**EXERCISE DATA**.
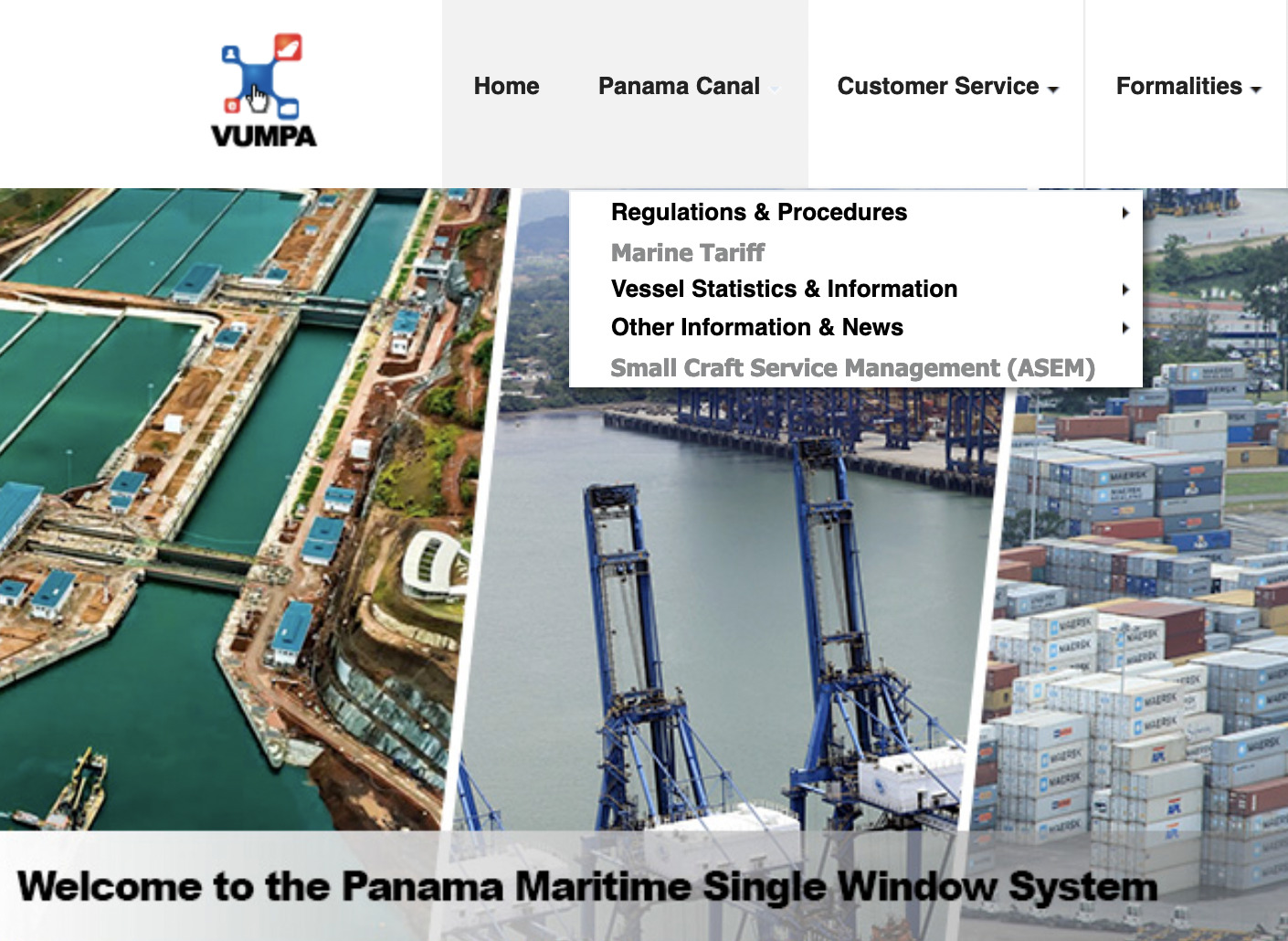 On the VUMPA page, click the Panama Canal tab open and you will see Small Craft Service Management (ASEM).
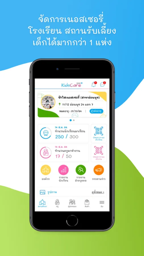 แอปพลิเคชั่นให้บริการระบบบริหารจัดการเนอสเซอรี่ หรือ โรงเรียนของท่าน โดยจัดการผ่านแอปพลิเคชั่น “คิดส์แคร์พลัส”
...
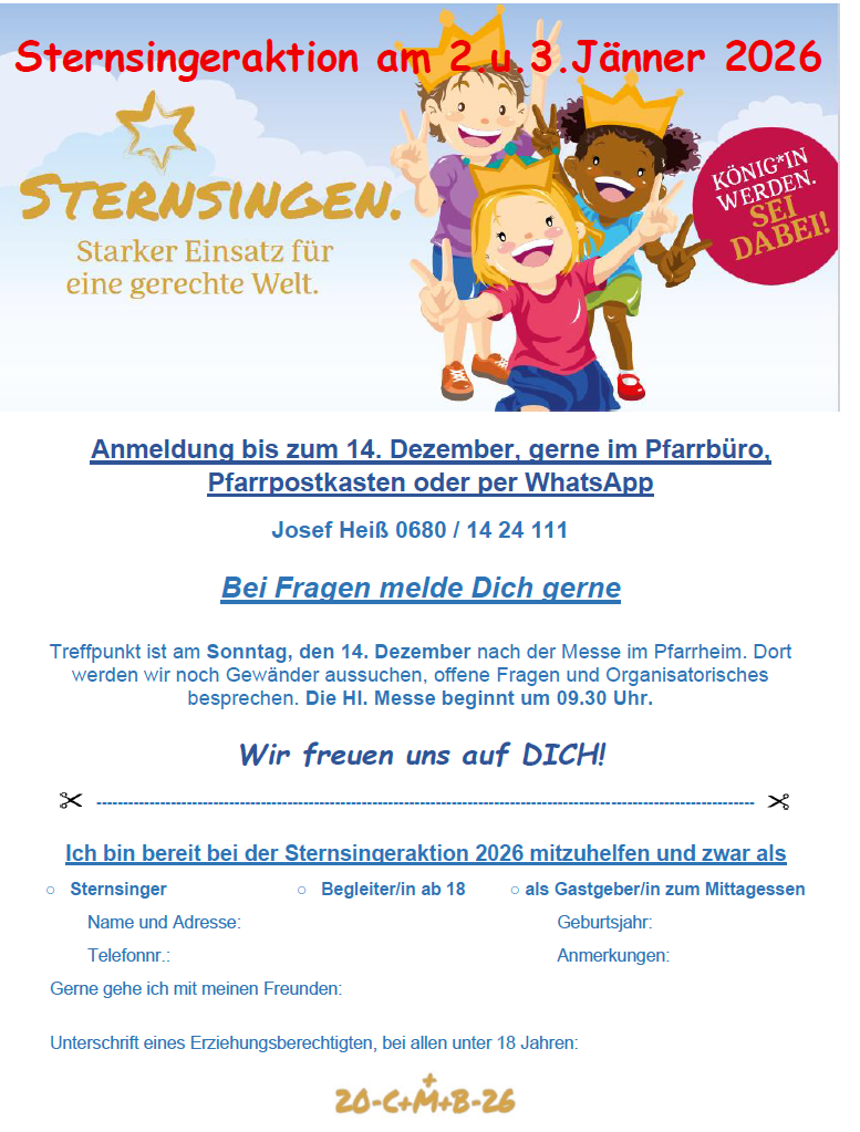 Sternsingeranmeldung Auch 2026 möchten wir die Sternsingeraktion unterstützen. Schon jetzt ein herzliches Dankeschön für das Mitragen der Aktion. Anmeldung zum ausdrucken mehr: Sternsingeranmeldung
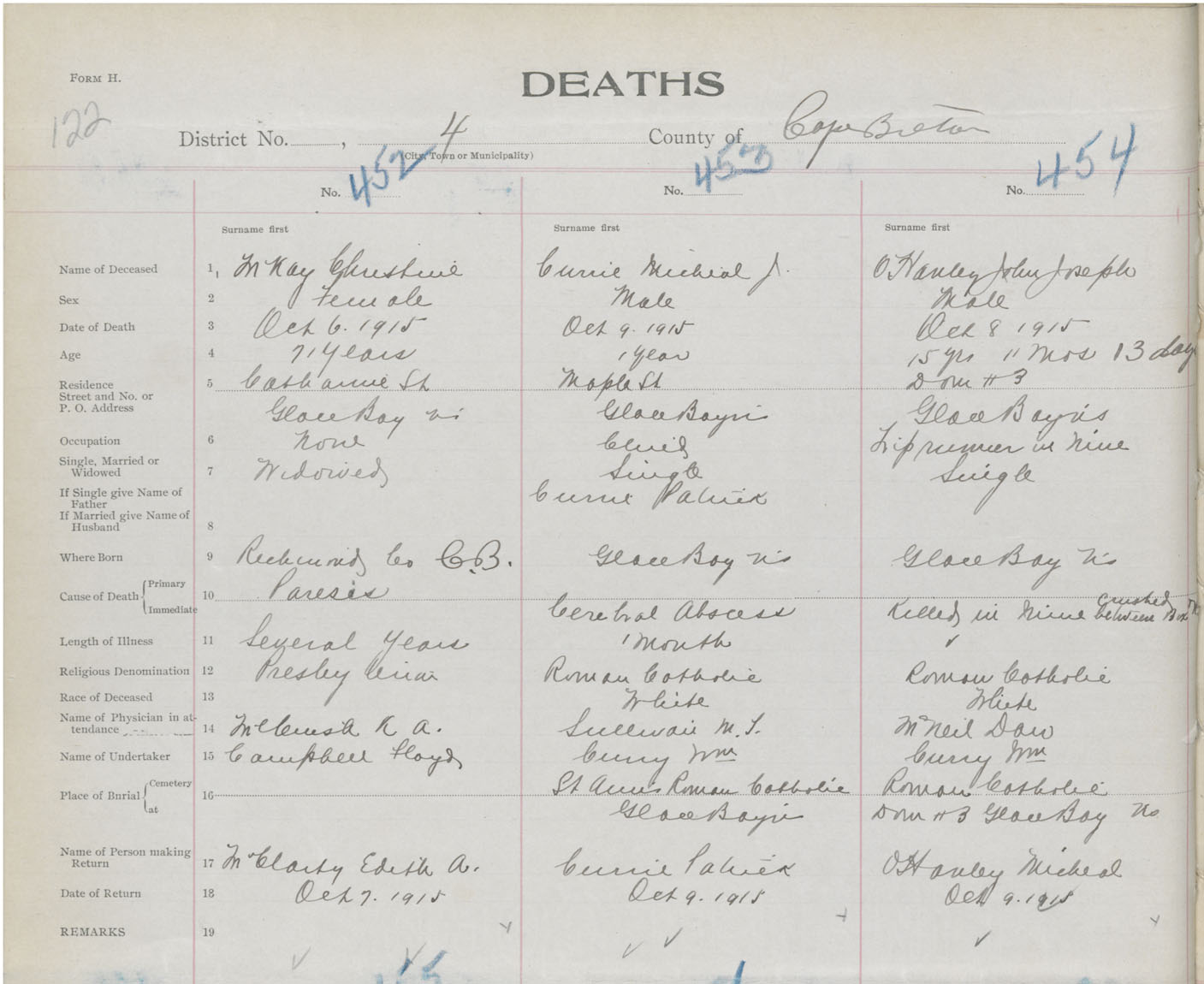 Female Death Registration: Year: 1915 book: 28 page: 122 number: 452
* * *
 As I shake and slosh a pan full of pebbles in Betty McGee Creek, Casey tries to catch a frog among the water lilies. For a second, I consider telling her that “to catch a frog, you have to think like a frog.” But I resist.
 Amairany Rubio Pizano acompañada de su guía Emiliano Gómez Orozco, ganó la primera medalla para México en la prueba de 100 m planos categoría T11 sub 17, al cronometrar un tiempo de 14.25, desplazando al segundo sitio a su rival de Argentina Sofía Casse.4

**WHAT IS EXPECTED**. Output exactly the stretch of the listing that begins at the line containing "On the VUMPA" and ends at the line containing "หรือ โรงเรียนของท่าน โดยจัดการผ่านแอปพลิเคชั่น", both kept. Omit pictures and everything else.

**EXPECTED ANSWER**.
 On the VUMPA page, click the Panama Canal tab open and you will see Small Craft Service Management (ASEM).
 แอปพลิเคชั่นให้บริการระบบบริหารจัดการเนอสเซอรี่ หรือ โรงเรียนของท่าน โดยจัดการผ่านแอปพลิเคชั่น “คิดส์แคร์พลัส”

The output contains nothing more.